Task brief:
Output exactly the lines that come between the start of the material and the line containing "4、长按可以收藏电视频道。", both ends included, with the pictures omitted.

☆ ☆ ☆ ☆ ☆ ☆ ☆

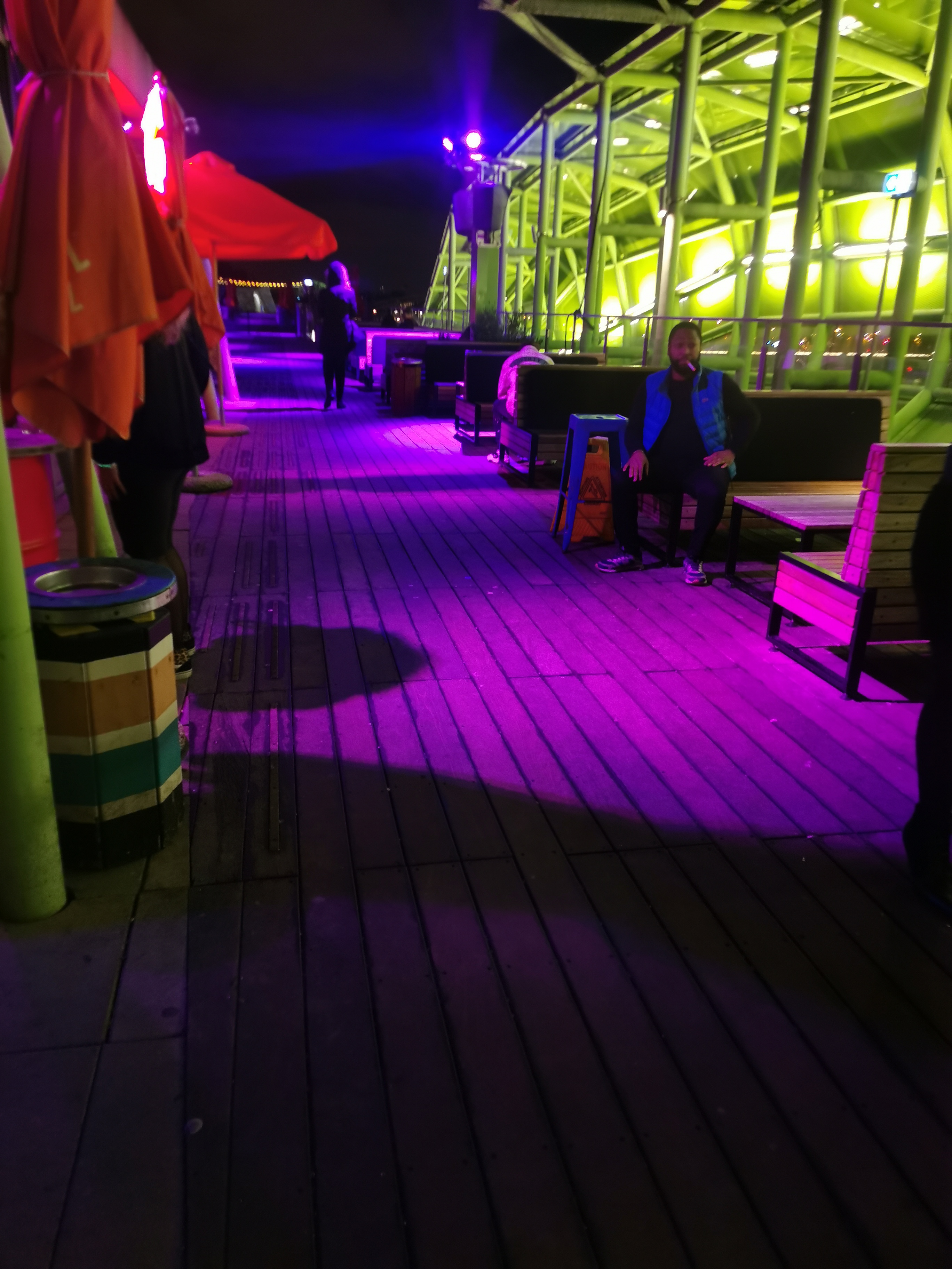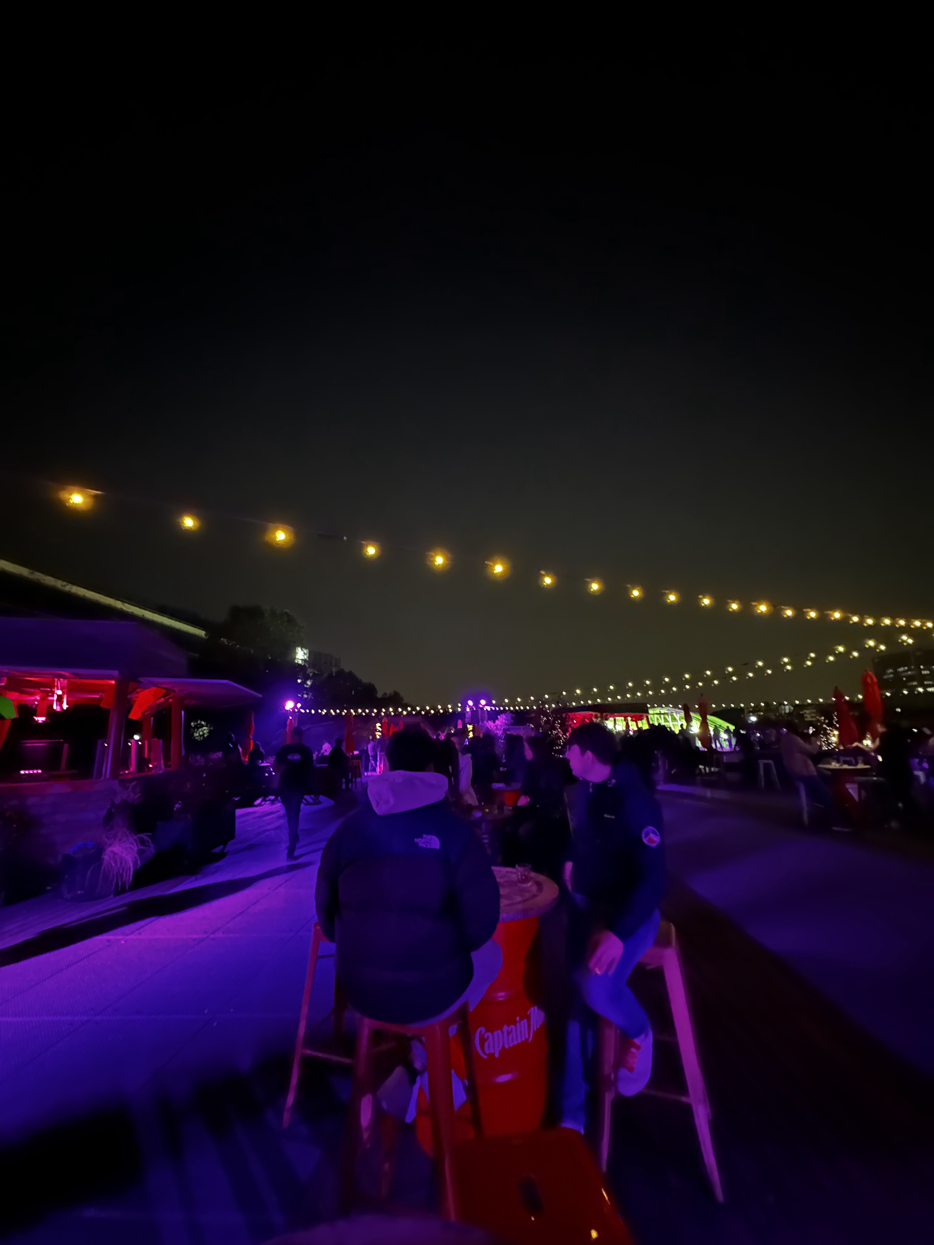 Bonne ambiance, possibilité de manger. Méga pizza à 30e et panier de frites 7e. Pour les budgets modestes en partageant la note , on s'en sort bien. Rooftop immense et appréciable.
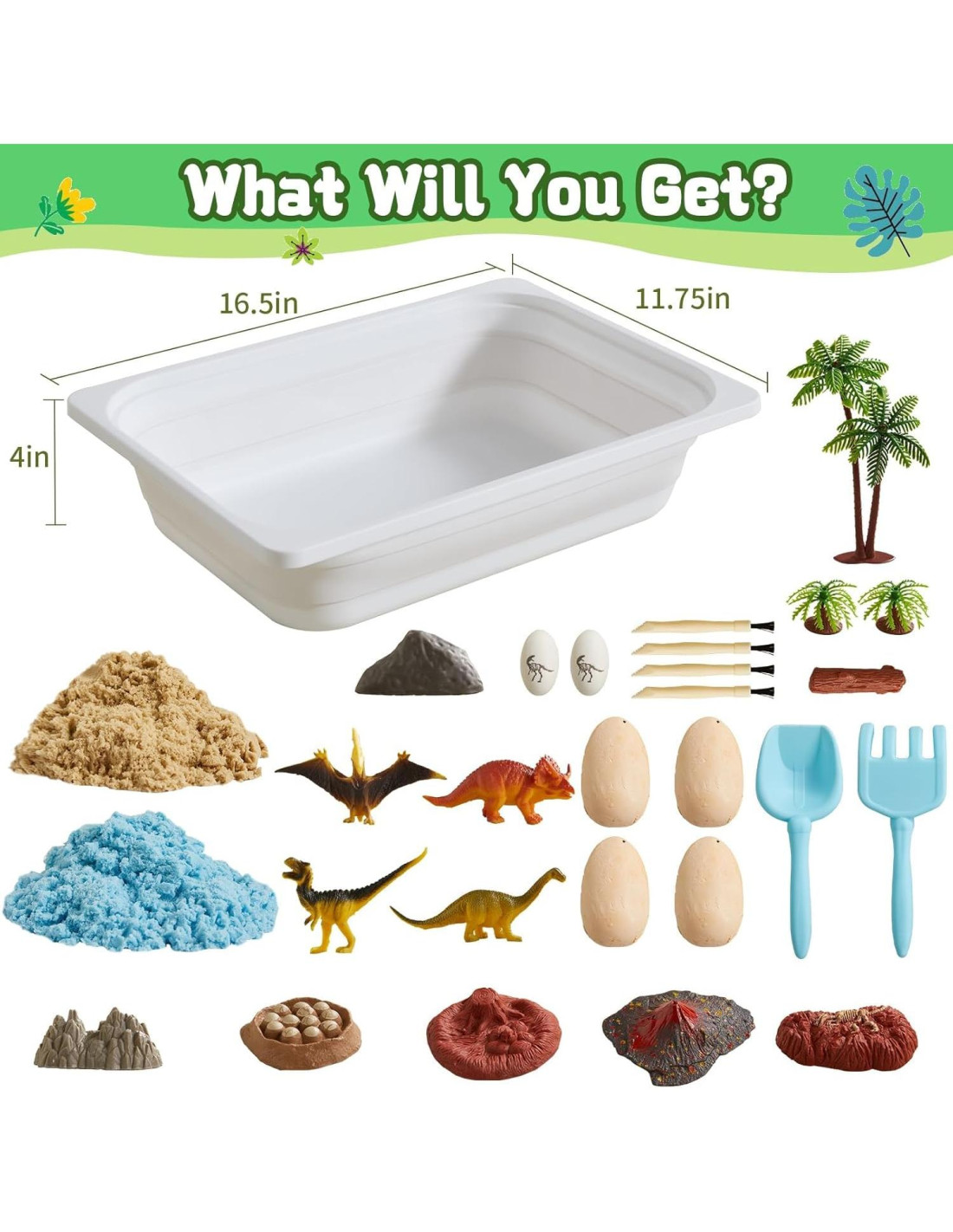 - [REGALO PERFECTO PARA NIÑOS] Nuestros juguetes de caja de arena de dinosaurios vienen con una caja de paquete diseñada exclusivamente. Es un regalo maravilloso para niños y niñas para cumpleaños, Navidad, Pascua y otras festividades. Si tienes alguna pregunta, ¡simplemente contacta a nuestro servicio al cliente!
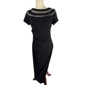 X BY XSCAPE ILLUSION BOAT NECK SHORT SLEEVE DRESS IN BLACK NWT WOMEN'S SIZE 8P
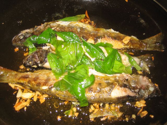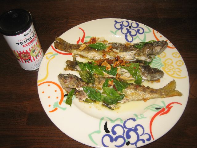 自分でもチャレンジ料理ム ニエル風でもなく、にんにくとバジルだけで焼きました
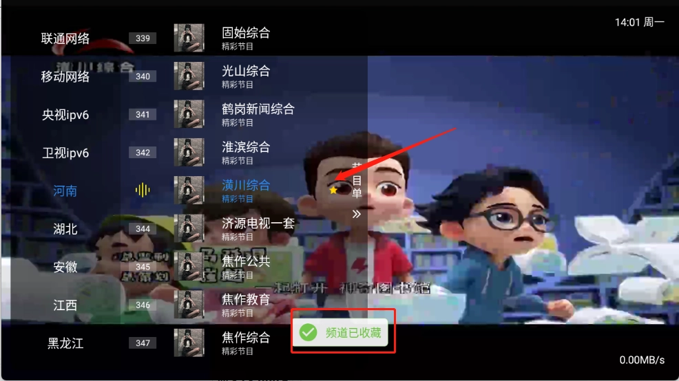 4、长按可以收藏电视频道。
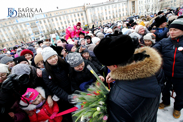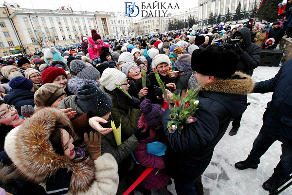 После он также лично раздал тюльпаны девушкам и женщинам из числа зрителей – сначала со сцены, а после спустился на землю. К главе тут же ринулось большое количество желающих получить цветок. Алексей Цыденов также фотографировался с присутствующими и говорил дамам поздравления.
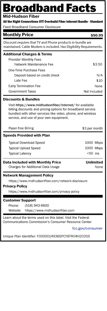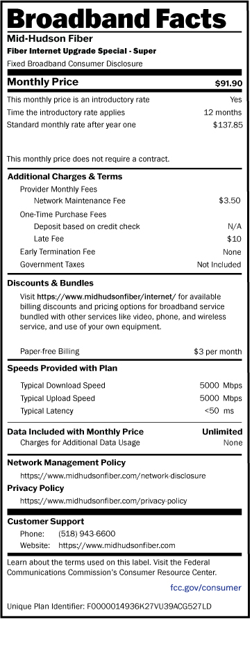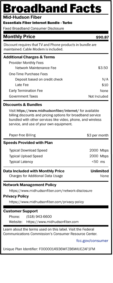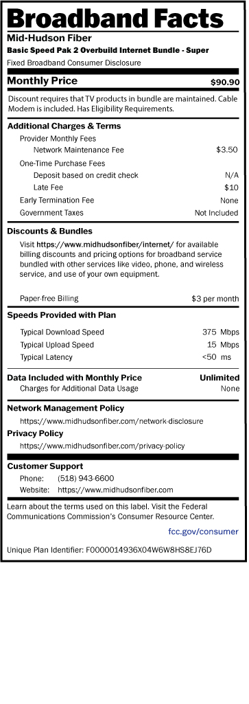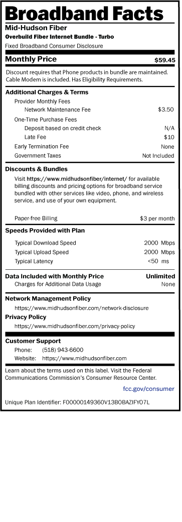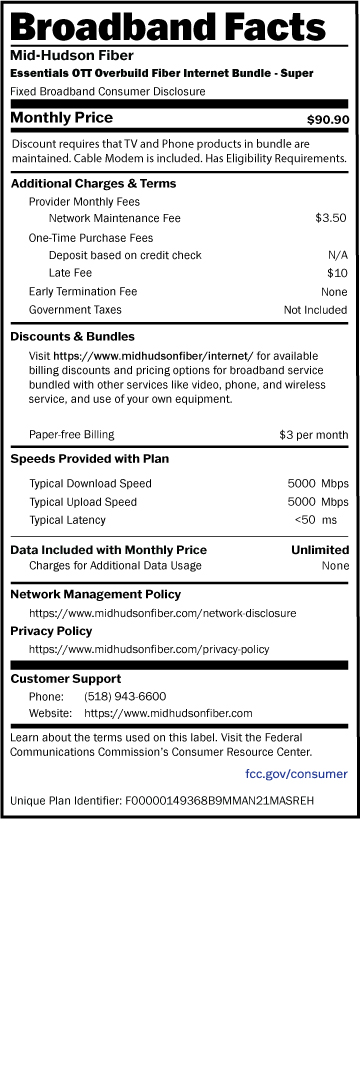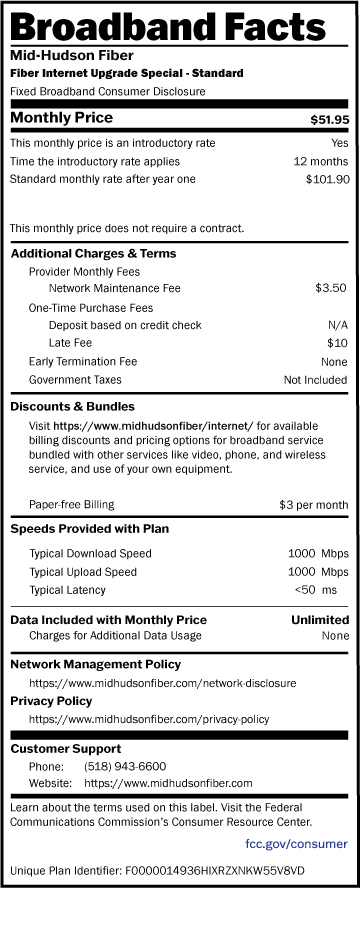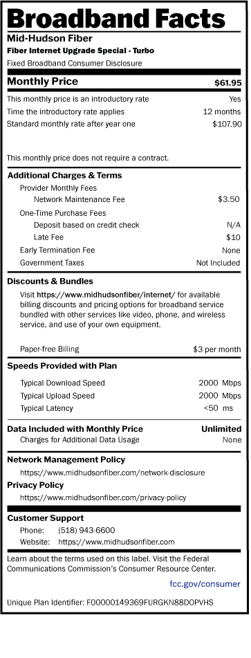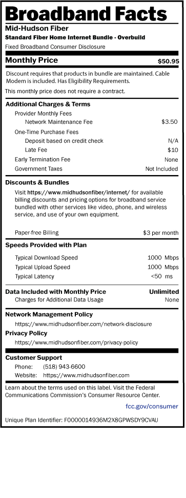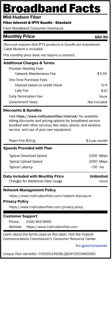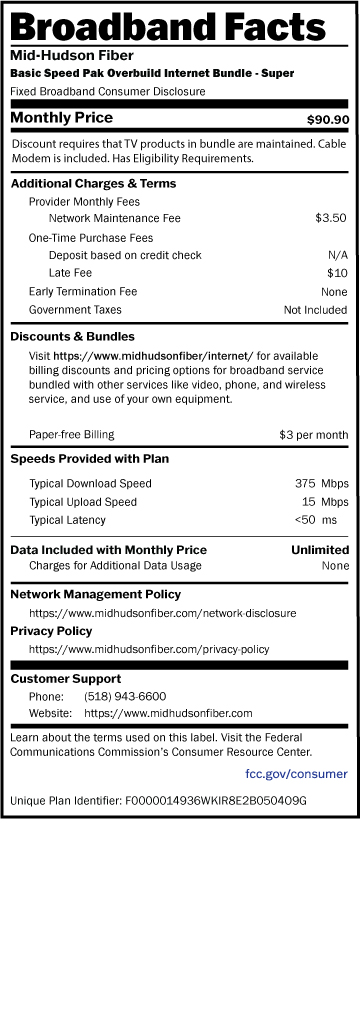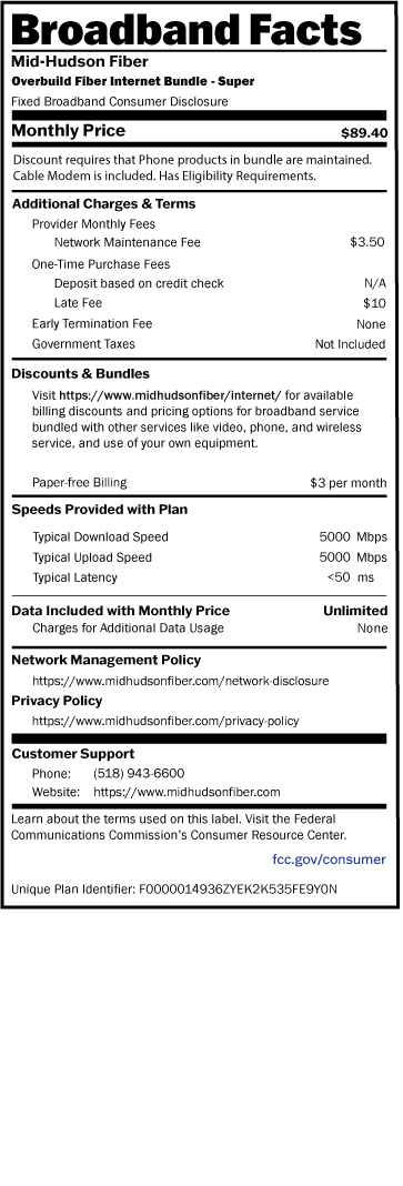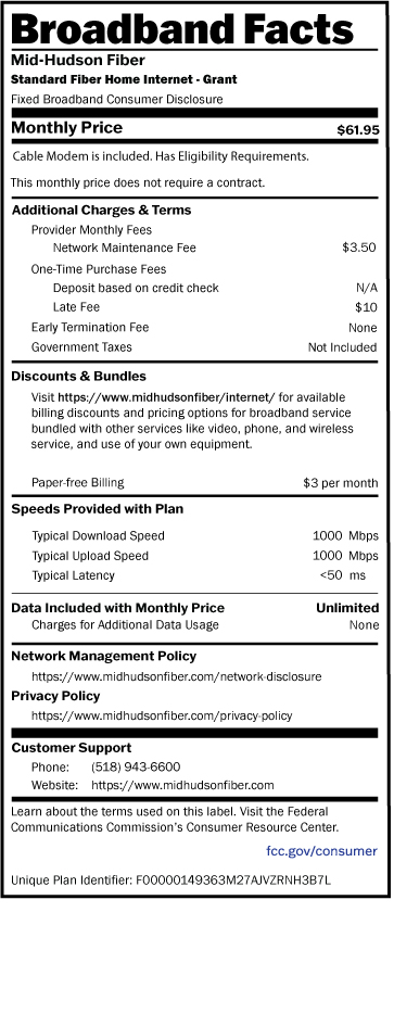 Mid-Hudson Fiber delivers reliable, high-speed internet that our customers depend on. The following labels are designed to clearly and easily show you the pricing, value, and features included in our broadband products. Download the machine readable broadband labels.

☆ ☆ ☆ ☆ ☆ ☆ ☆

Result of the task:
 Bonne ambiance, possibilité de manger. Méga pizza à 30e et panier de frites 7e. Pour les budgets modestes en partageant la note , on s'en sort bien. Rooftop immense et appréciable.
 - [REGALO PERFECTO PARA NIÑOS] Nuestros juguetes de caja de arena de dinosaurios vienen con una caja de paquete diseñada exclusivamente. Es un regalo maravilloso para niños y niñas para cumpleaños, Navidad, Pascua y otras festividades. Si tienes alguna pregunta, ¡simplemente contacta a nuestro servicio al cliente!
 X BY XSCAPE ILLUSION BOAT NECK SHORT SLEEVE DRESS IN BLACK NWT WOMEN'S SIZE 8P
 自分でもチャレンジ料理ム ニエル風でもなく、にんにくとバジルだけで焼きました
 4、长按可以收藏电视频道。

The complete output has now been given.